A communication system having a first terminal device used by a first viewer, a second terminal device used by a second viewer, and a third terminal device used by a third viewer, which are connected to each other via a communication channel. And
Further comprising a talker selection unit for selecting any two of the first viewer, the second viewer, and the third viewer as a talker,
The image output unit generates an image obtained by viewing the first viewer from substantially the front when the talker selection unit selects the first viewer and the second viewer, and the image expansion and contraction is performed. When the first viewer and the third viewer are selected, an image of the first viewer viewed from other than the front is generated and output to the image expansion / contraction unit.
The communication system according to claim 1.

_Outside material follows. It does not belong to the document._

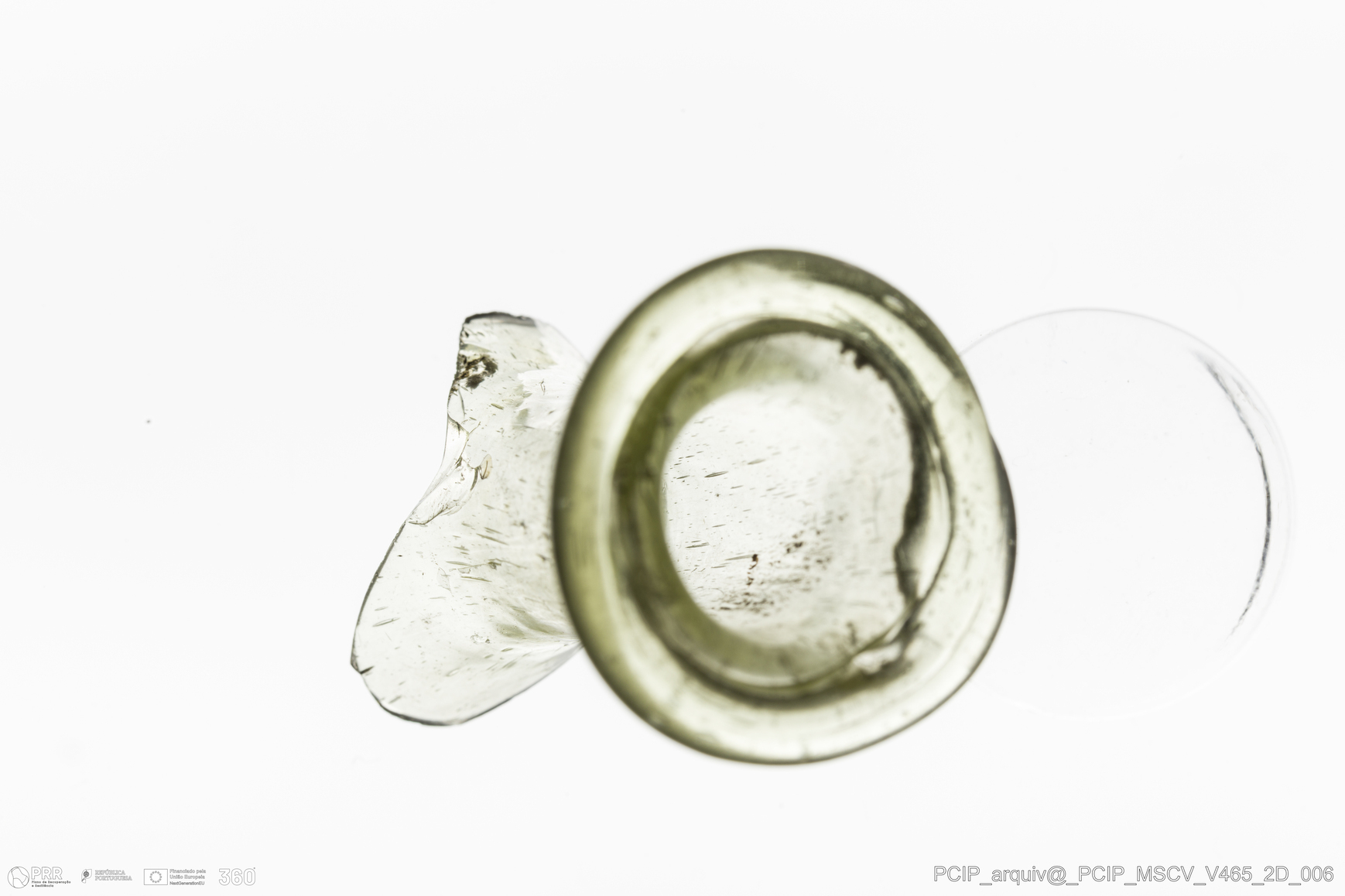 Matéria/Técnica: Vidro; Cronologia: Século XVII; Autoria: Desconhecida; Dimensões: Diâmetro Bordo: 26mm.

A communication system having a conversational selection device connected to the first terminal device, the second terminal device, and the third terminal device via a communication path,
The first terminal device includes the image output unit,
The second terminal device includes the reference position output unit, the display unit, and the image expansion / contraction unit,
The talker selection device includes the talker selection unit.
The communication system according to claim 9.

Further comprising a third viewer imaging unit that images the third viewer;
The image output unit includes:
A first viewer imaging unit that captures a first stereo image with the first viewer as a subject;
An image including the face of the first viewer is detected from the first stereo image, the line-of-sight direction of the first viewer is detected, and the face of the first viewer is detected based on the first stereo image. A three-dimensional model including the first viewer and the second viewer when the conversational selection unit selects the first viewer and the second viewer. , When the talker selection unit selects the first viewer and the third viewer, the reference position from the center position of the second display surface, centered on the center position of the display surface The direction in the direction of the reference position output by the output unit is detected, and an image viewed from a position moved in the detected direction from the direction of the first viewer's line of sight is generated, and the first view viewed from other than the front A free viewpoint image generator that outputs an image of a viewer;
Comprising
The reference position output unit
A second viewer imaging unit that captures a second stereo image with the second viewer as a subject;
A reference position calculation unit for detecting the second viewer's face or a part of the image from the second stereo image and calculating the second viewer reference position;
Comprising
The talker selection unit includes the first viewer, the image captured by the second viewer imaging unit, and the image captured by the third viewer imaging unit, respectively. Detecting the frequency of mouth movement, the frequency of mouth movement of the second viewer, and the frequency of mouth movement of the third viewer, selecting a talker based on the detected frequency, and selecting the selected talker Detect the line-of-sight direction from the image, and select the other party's talker based on the detected line-of-sight direction,
The communication system according to claim 10.